#### [Prompt]
In the entries below, identify every line with the string "Kenya" and copy it.

Records excerpted from a collection
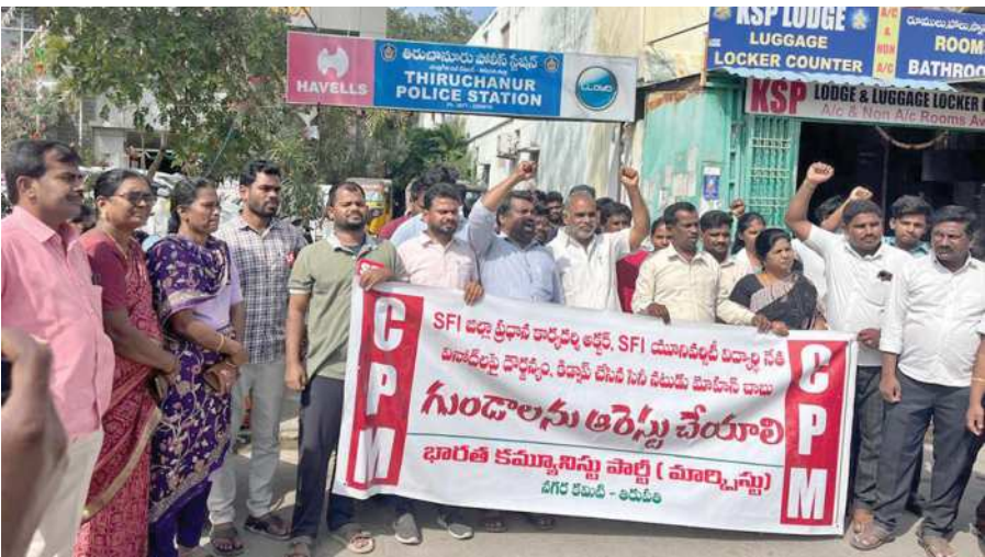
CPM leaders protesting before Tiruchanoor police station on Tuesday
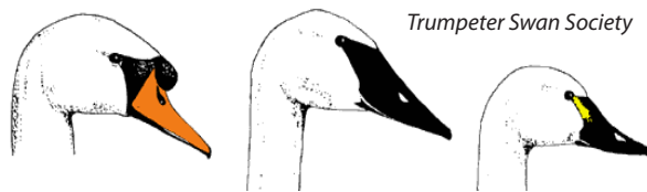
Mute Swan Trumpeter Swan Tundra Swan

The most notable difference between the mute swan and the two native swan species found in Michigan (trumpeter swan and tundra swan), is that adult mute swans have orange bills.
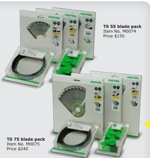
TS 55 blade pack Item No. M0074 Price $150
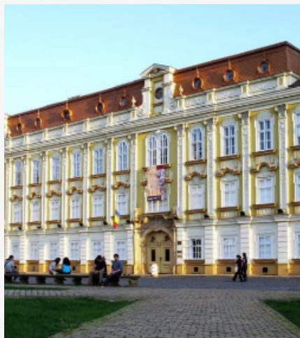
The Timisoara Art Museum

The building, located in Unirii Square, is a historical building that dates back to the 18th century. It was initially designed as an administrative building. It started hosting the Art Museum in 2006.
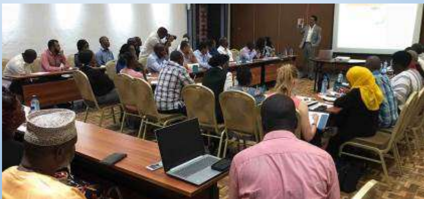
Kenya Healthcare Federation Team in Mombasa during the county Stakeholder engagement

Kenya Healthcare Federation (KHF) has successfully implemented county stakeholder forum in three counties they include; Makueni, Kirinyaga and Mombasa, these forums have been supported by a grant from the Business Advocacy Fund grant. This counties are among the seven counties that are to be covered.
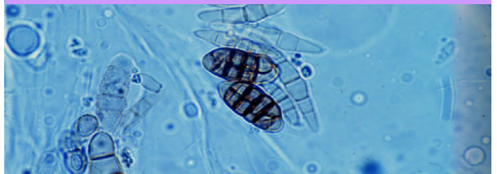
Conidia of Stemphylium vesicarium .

#### [Reply]
Kenya Healthcare Federation Team in Mombasa during the county Stakeholder engagement
Kenya Healthcare Federation (KHF) has successfully implemented county stakeholder forum in three counties they include; Makueni, Kirinyaga and Mombasa, these forums have been supported by a grant from the Business Advocacy Fund grant. This counties are among the seven counties that are to be covered.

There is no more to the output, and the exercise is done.